======== Provided records

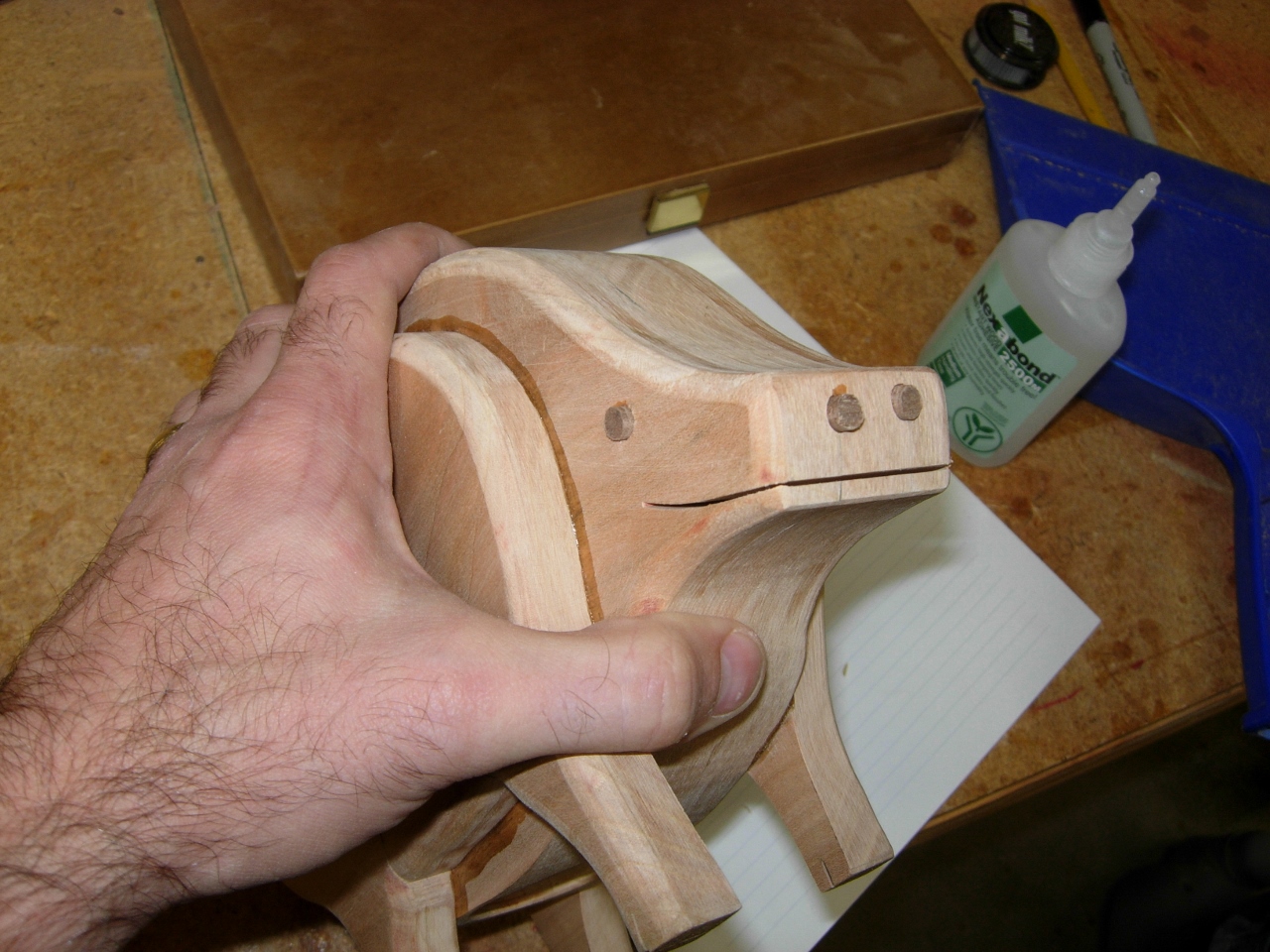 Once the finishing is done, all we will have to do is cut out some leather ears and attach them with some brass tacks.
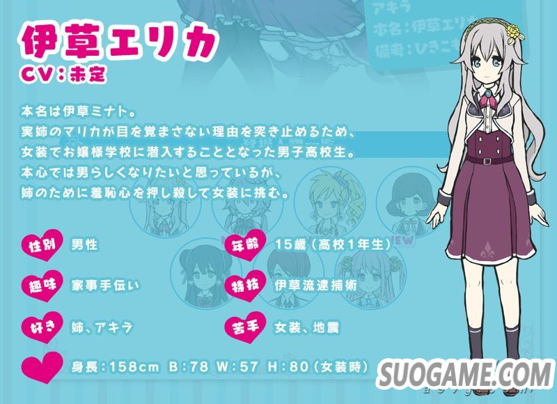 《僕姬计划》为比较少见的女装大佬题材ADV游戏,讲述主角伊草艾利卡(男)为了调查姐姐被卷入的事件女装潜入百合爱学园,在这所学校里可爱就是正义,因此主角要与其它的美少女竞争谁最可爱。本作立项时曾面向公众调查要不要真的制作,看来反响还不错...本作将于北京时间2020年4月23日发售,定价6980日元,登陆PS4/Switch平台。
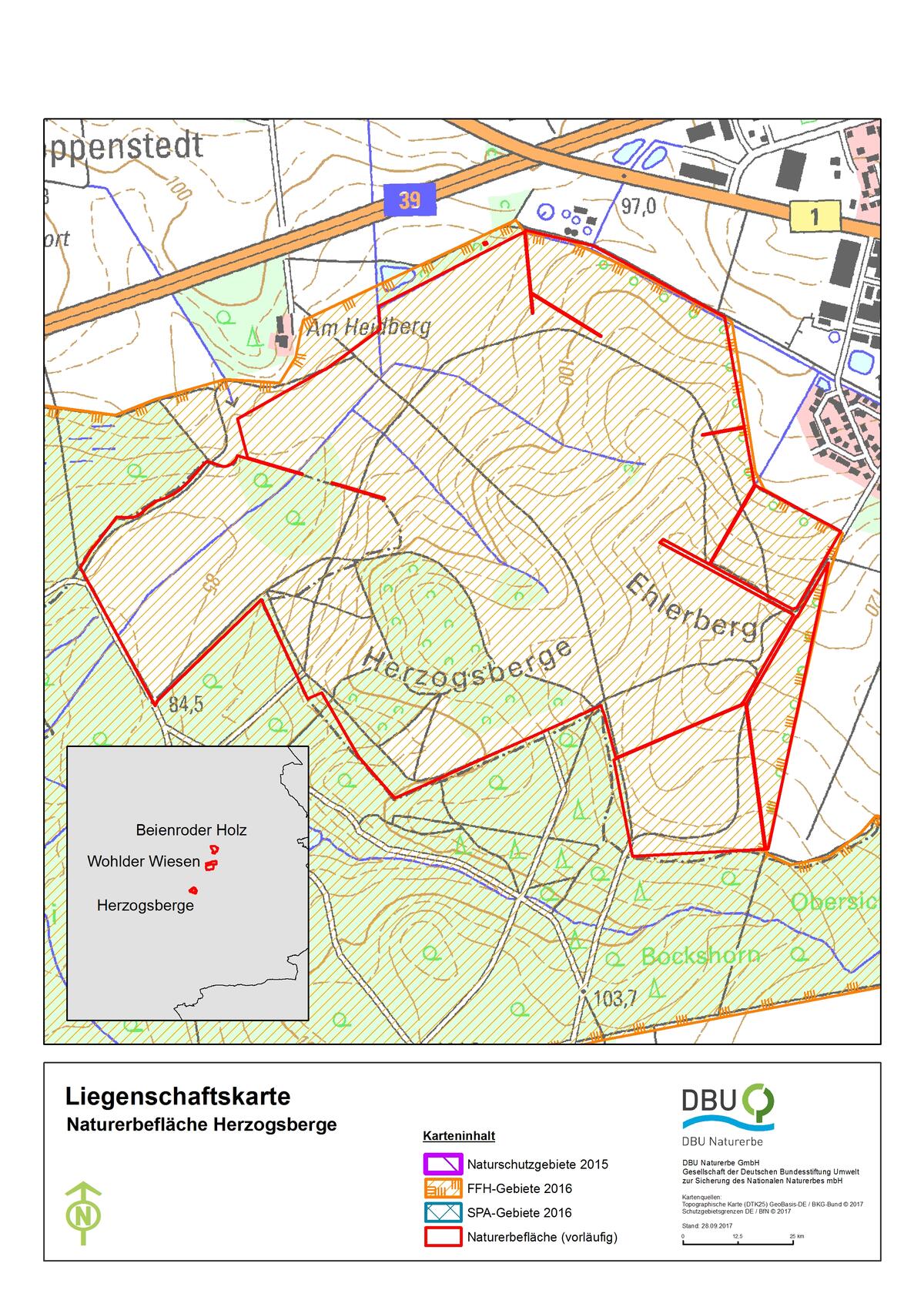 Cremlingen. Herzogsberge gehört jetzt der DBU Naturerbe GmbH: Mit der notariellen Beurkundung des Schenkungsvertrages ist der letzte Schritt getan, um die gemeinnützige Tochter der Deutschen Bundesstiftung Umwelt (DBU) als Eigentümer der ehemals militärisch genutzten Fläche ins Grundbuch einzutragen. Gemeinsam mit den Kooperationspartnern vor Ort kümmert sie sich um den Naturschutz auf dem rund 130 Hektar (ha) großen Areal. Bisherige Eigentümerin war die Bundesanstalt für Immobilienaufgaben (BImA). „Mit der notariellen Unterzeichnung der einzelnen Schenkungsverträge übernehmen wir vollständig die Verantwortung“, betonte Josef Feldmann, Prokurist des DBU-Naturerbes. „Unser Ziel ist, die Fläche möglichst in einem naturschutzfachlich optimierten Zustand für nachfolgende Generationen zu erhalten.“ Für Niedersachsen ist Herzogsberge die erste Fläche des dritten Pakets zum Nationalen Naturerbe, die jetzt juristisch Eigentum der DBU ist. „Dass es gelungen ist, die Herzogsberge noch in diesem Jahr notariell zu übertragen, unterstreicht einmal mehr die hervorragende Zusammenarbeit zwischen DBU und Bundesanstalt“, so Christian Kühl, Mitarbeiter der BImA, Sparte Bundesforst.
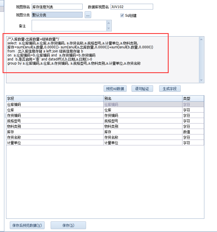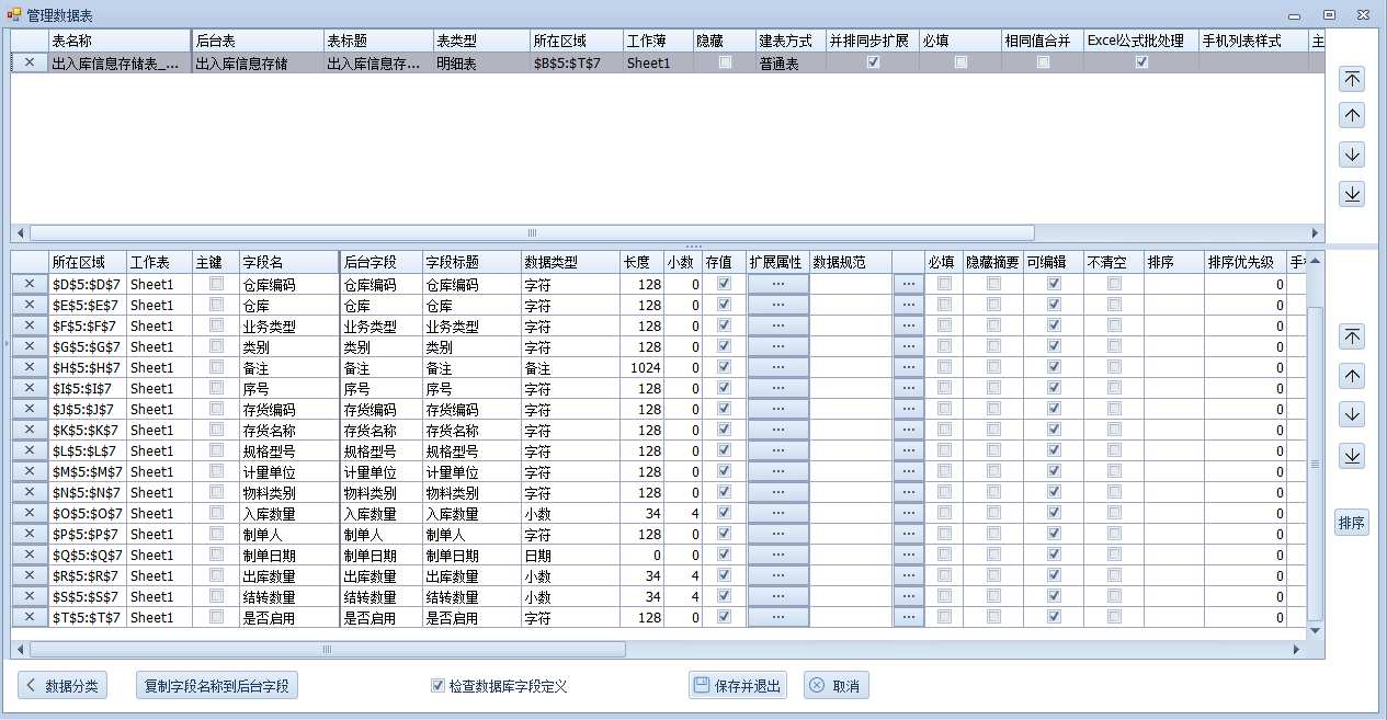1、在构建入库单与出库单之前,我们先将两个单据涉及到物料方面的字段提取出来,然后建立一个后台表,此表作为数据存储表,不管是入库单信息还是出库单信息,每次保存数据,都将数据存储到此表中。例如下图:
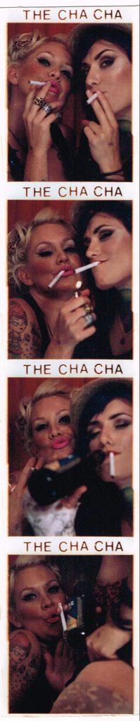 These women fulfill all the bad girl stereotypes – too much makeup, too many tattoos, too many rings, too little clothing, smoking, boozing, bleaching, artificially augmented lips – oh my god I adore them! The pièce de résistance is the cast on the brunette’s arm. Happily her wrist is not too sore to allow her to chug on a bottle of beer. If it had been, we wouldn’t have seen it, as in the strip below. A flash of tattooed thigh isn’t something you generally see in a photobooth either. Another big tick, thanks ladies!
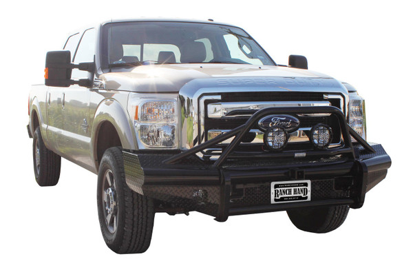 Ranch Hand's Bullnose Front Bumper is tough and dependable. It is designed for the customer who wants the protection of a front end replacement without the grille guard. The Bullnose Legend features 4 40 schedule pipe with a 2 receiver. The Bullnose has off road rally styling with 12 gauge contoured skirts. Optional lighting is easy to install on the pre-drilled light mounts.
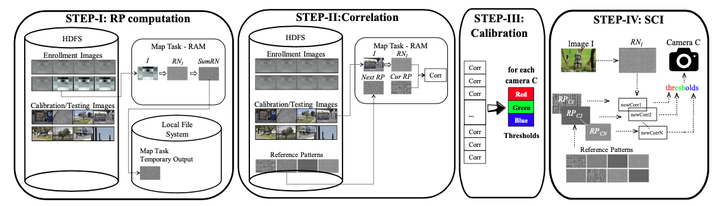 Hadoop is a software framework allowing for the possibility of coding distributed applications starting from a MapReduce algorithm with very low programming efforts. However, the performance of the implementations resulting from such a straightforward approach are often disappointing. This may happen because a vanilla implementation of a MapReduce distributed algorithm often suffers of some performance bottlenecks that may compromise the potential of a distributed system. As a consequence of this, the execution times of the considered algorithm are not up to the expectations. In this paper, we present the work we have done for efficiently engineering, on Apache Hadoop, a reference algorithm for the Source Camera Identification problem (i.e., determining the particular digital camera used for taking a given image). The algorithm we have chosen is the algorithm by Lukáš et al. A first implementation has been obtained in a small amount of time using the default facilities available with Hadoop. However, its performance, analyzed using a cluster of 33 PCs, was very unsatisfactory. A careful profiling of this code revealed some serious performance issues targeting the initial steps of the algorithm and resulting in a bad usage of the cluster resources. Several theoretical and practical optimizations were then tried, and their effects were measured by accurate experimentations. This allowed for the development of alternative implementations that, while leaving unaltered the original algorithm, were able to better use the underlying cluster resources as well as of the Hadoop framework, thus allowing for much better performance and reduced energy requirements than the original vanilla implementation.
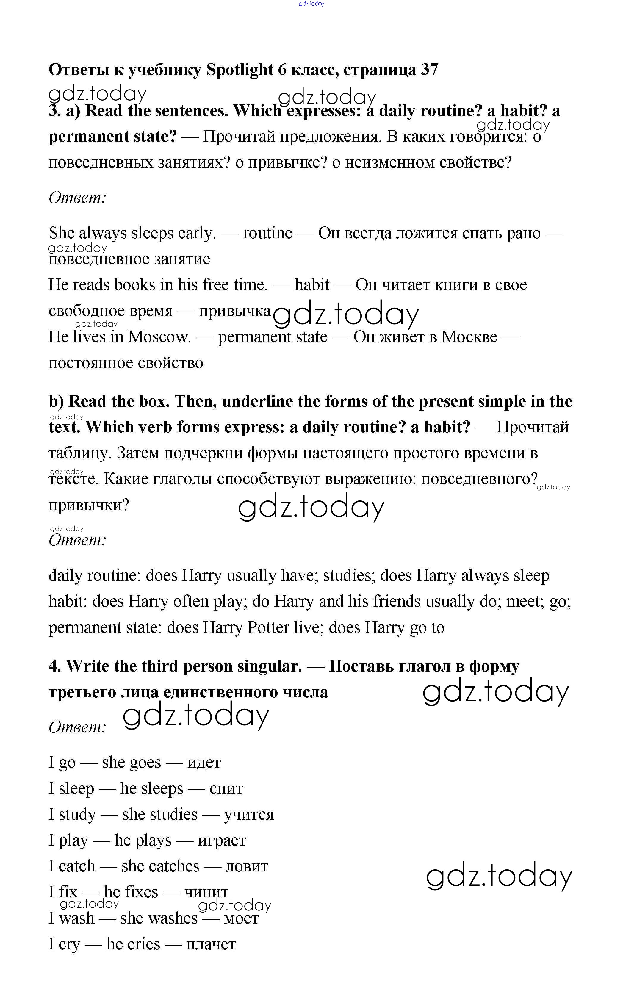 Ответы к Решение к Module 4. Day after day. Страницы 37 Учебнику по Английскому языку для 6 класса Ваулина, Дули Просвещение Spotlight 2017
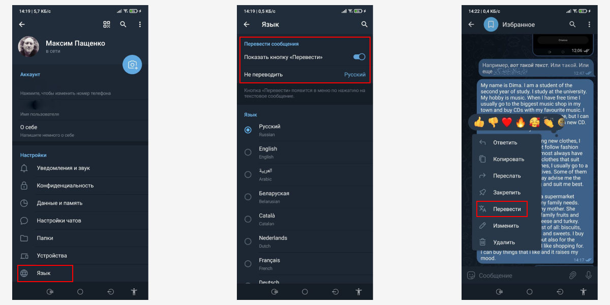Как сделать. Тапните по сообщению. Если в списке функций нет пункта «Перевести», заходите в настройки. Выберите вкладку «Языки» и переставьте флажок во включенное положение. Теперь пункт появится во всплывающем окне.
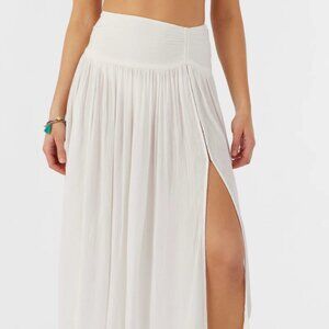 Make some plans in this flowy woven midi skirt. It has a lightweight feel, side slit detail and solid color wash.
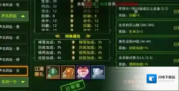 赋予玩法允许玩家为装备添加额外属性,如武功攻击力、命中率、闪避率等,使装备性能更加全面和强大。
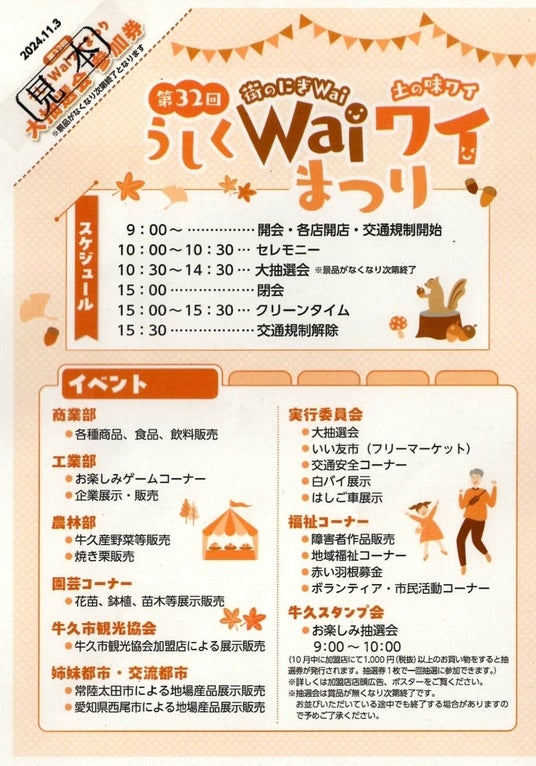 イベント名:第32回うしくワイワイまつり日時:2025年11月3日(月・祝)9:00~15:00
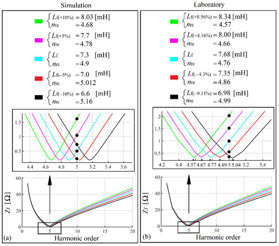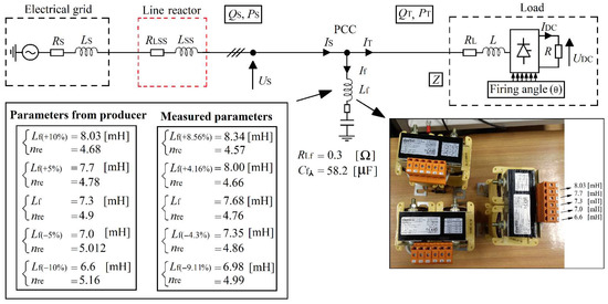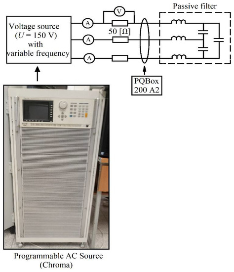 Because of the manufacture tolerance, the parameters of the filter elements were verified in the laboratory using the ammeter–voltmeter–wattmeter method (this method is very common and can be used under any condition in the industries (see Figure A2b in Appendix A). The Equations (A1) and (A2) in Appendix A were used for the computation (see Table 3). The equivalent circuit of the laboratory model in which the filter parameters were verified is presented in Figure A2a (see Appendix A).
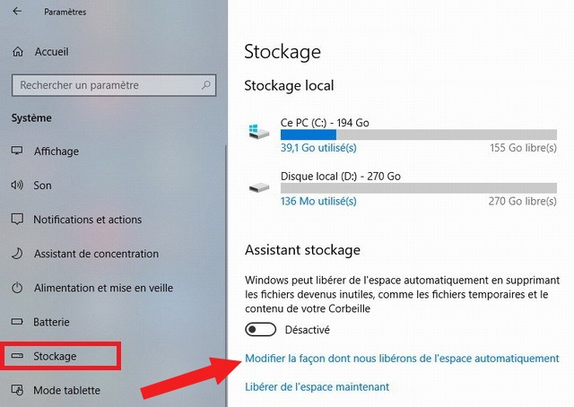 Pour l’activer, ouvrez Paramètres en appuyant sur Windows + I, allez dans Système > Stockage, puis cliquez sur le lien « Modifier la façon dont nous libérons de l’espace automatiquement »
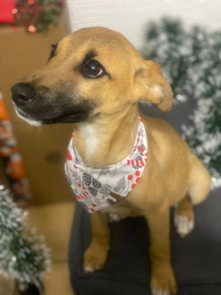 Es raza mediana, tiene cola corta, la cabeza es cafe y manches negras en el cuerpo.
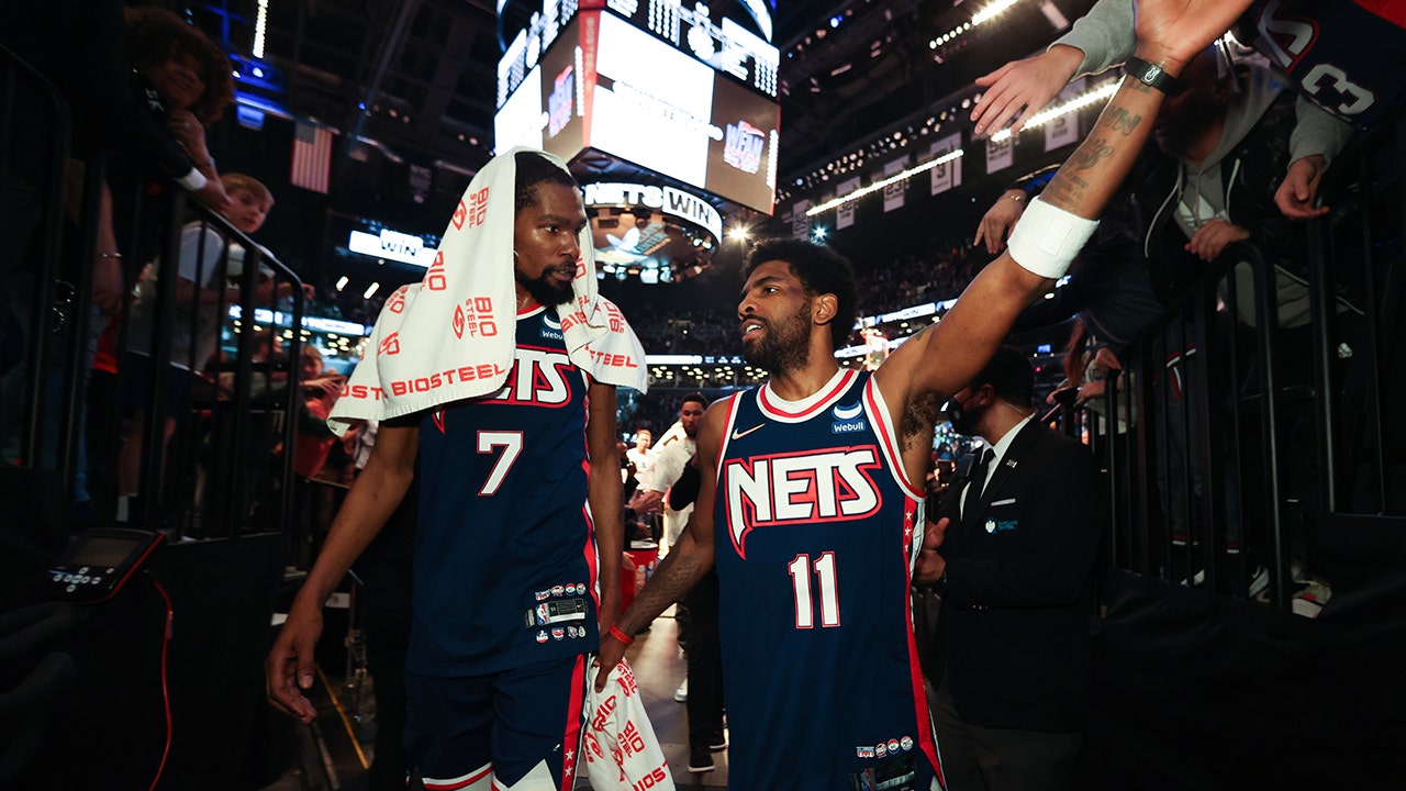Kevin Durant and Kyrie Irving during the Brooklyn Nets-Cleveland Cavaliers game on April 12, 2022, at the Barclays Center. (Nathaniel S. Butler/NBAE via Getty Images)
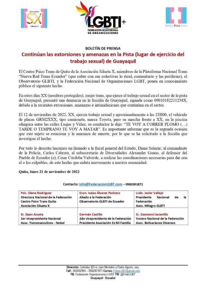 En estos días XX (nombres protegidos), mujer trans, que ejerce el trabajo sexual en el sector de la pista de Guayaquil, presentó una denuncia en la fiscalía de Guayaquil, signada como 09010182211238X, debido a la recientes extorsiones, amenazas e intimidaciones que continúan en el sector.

================

▶ **What the task asks**: In the entries above, find the line that contains "1、在构建入库单与出库单之前", then repeat exactly every line from the first one through that line, with no pictures.

▶ **Response to this task**:
 Once the finishing is done, all we will have to do is cut out some leather ears and attach them with some brass tacks.
 《僕姬计划》为比较少见的女装大佬题材ADV游戏,讲述主角伊草艾利卡(男)为了调查姐姐被卷入的事件女装潜入百合爱学园,在这所学校里可爱就是正义,因此主角要与其它的美少女竞争谁最可爱。本作立项时曾面向公众调查要不要真的制作,看来反响还不错...本作将于北京时间2020年4月23日发售,定价6980日元,登陆PS4/Switch平台。
 Cremlingen. Herzogsberge gehört jetzt der DBU Naturerbe GmbH: Mit der notariellen Beurkundung des Schenkungsvertrages ist der letzte Schritt getan, um die gemeinnützige Tochter der Deutschen Bundesstiftung Umwelt (DBU) als Eigentümer der ehemals militärisch genutzten Fläche ins Grundbuch einzutragen. Gemeinsam mit den Kooperationspartnern vor Ort kümmert sie sich um den Naturschutz auf dem rund 130 Hektar (ha) großen Areal. Bisherige Eigentümerin war die Bundesanstalt für Immobilienaufgaben (BImA). „Mit der notariellen Unterzeichnung der einzelnen Schenkungsverträge übernehmen wir vollständig die Verantwortung“, betonte Josef Feldmann, Prokurist des DBU-Naturerbes. „Unser Ziel ist, die Fläche möglichst in einem naturschutzfachlich optimierten Zustand für nachfolgende Generationen zu erhalten.“ Für Niedersachsen ist Herzogsberge die erste Fläche des dritten Pakets zum Nationalen Naturerbe, die jetzt juristisch Eigentum der DBU ist. „Dass es gelungen ist, die Herzogsberge noch in diesem Jahr notariell zu übertragen, unterstreicht einmal mehr die hervorragende Zusammenarbeit zwischen DBU und Bundesanstalt“, so Christian Kühl, Mitarbeiter der BImA, Sparte Bundesforst.
1、在构建入库单与出库单之前,我们先将两个单据涉及到物料方面的字段提取出来,然后建立一个后台表,此表作为数据存储表,不管是入库单信息还是出库单信息,每次保存数据,都将数据存储到此表中。例如下图:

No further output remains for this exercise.